Sunday, March 25, 2007

telling too much

Because of course I lied. I do that, sometimes, to make things easier on a person. It's lying for a good cause, I say, but then they're all from the same mixed bag of deceit, so what odds? It's funny how hard it is to put into words exactly what you feel, because what if you say too much, or too less, or, God forbid, the entirely wrong thing? One wishes not to drive away good company, but then one does it in spite of oneself. One is me, in case you were wondering.
And it's odd what you can do with letters that you can't when faced with a real person. Perhaps it is that letters are easier than live conversation, because you can hide behind a flow of words that twist and turn to suit your whims. We did have nice conversations, though, didn't we?


And it's odd that we have never spoken, isn't it? And a minute on a phone, or an hour of introductions - they don't count, really.

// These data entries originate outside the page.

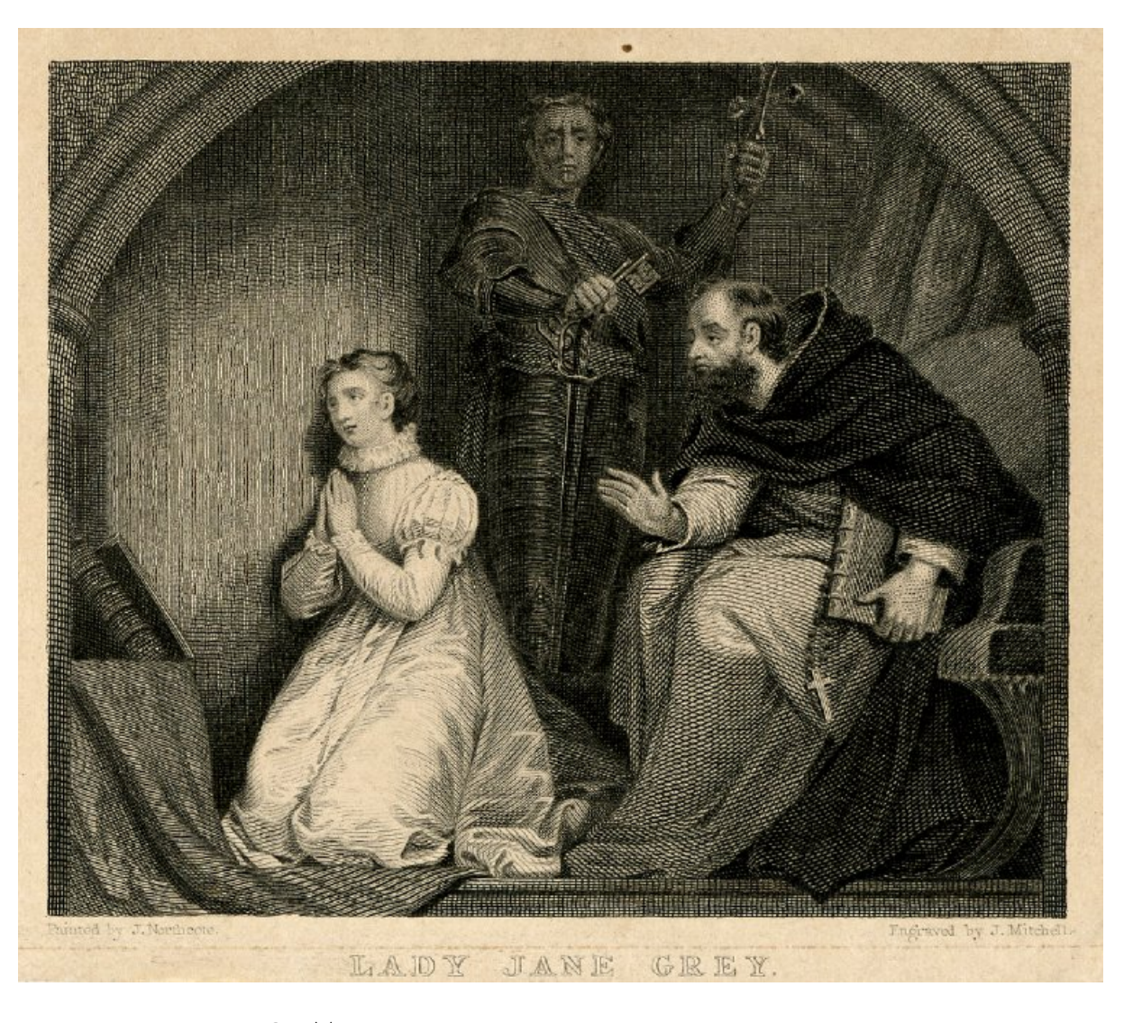
Old Testament examples of masculine intemperance

This picture of Lady Jane Grey had paradoxical inflections. Its superficial purpose was to demonstrate Linwood's personal identification with a Protestant princess; it being no accident that Lady Jane Grey was well-known for cultivating the accomplishment of needlework.xcvi However, the whole theatre of presentation, which was one of histrionic female martyrdom, was unmistakably Catholic in sentiment.
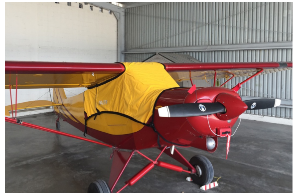
Piper Super Cub Canopy Cover, Engine Plugs
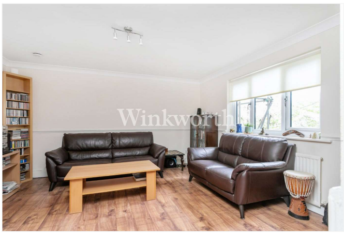
OLD FARM AVENUE, N14 £280,000 LEASEHOLD
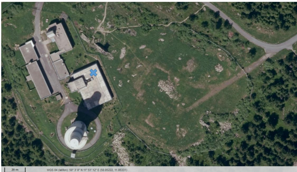
Figure 2.1 Location of Experimental site of Station 1

Station 1 was located on the Schneeberg and more specifically the rooftop of a building next to the tower. Figure 2.1 shows a map of the Schneeberg and the roof on which the instruments were installed, is indicated . The exact description of the instrument is Scintec Flat Array Sodar SFAS with the serial number A-F-0033.
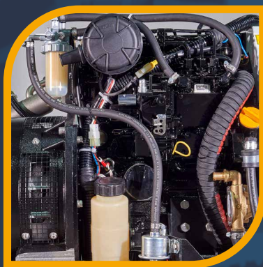
1500 rpm Yanmar engine
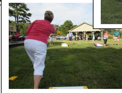
Excellent form displayed by all!
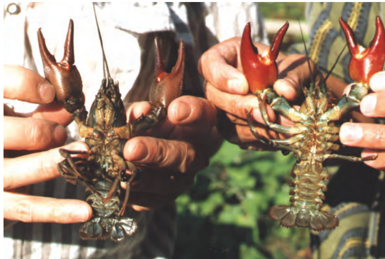
Figure 7.4 North American red signal crayfish (right) and a native European crayfish ( Astacus astacus ).

Of course, many introduced diseases have affected particular native species or groups of them without modifying an entire ecosystem. For instance, avian malaria, caused by Plasmodium relictum capistranoae , introduced with Asian birds and vectored by previously introduced mosquitoes, contributed to the extinction of several native Hawaiian birds and helps restrict many of the remaining species to upper elevations, where mosquitoes are absent or infrequent (Woodworth et al. 2005). In Europe, crayfish plague ( Aphanomyces astaci ), introduced with the North American red signal crayfish ( Pacifastacus lenusculus ; Figure 7.4 and Plate 7) and also vectored by the subsequently introduced Louisiana crayfish
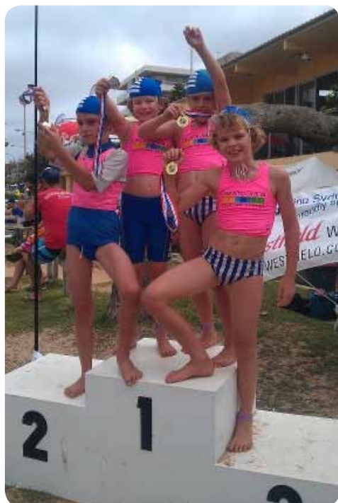
U9 Beach sprint relay team, Gold at Branch Championships
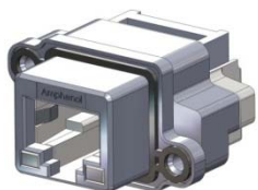
MRJR-538X-01 SHOWN RIGHT ANGLE, PCB TAIL, 8 POSITION RJ45
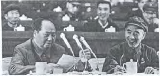
Mao Tsetung and Lin Piao

TWO industrial comrades of the Communist Party of Britain (Marxist-Leninist) have been invited by the Albanian Party of Labour and the Albanian Trade Unions to attend the May Day celebrations in Albania. They take with them warm fraternal greetings from their comrades here.
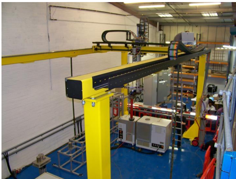
Figure 10. This photograph shows the testing installation of the MOX facility automated NDA system. In this test configuration the Gantry Robot is supported on four pillars. A thermal pre-conditioner (left) and a calorimeter (right) are positioned below the Gantry Robot. Note that the End Effector is moving a plug unit on a pre-conditioning unit.

All pre-conditioning units were tested using simulated 3013 product containers, which were heated externally to a range of different temperatures before pre-conditioning. The units were commissioned to operate at temperatures slightly above the calorimeter set point temperature to compensate for heat-loss during the transfer from the pre-conditioner to an available calorimeter. Calorimeter testing and the electrical calibration process have been described elsewhere, [2]. The absence of fissile material necessitated an alternative scheme for the testing of the Gamma ray Isotopic Ratio Measurement Systems. The HPGe detectors and data acquisition electronics were calibrated and commissioned with calibrated point sources including

Those are just excuses for occupying the same space. And it's funny because of all the people I ever found, you were the one most easy to write to. You were the one made me most prolific; the one to whom I wrote the most, the one about whom I wrote the most. Perhaps it's just as well. Perhaps I don't need to talk to you. Perhaps I won't sit across from you in a coffee house, or walk with you all around town, or sit with you on terraces in the middle of the night. Perhaps we'll never talk. It's okay, really, because I have other people to do those things with, don't I? But I still regret the dancing.
And papa Santa.


But of course there's no reason for writing beyond the writing itself. Like an over whelming urge to reach out and touch someone who, for a long time, occupied space in your head. There's no sense to anything at all anyway. And being myself never got me anything or anywhere, even. As long as I'm writing I can impress them, but then I talk, and it's as though all the things I need to believe about myself I don't; and all the things I do believe in are all the wrong things; and in the end I'm just not what they were looking for. How do you sell yourself with only the truth?
It doesn't work that way, does it?


Perhaps it's just perversion, the need to write to people, at people. Perhaps it's cruel to send people disconnected snatches of thought and call them letters, but what's the point of sticking to a structure when all you get in return are the same old sentences from everyone anyway? What's the idea with a set of instructions that tell someone exactly how they have to react? So this morning I wrote to four people and told them nothing, narrated no incident, revealed no theory. I said no hellos and I asked no questions and I sent no signals.
And this is where I find my fun.


It's odd what gets people. And what gets at people. I glad one of the four read this. It makes the gesture that much more worthwhile.
Was it really that hard to understand?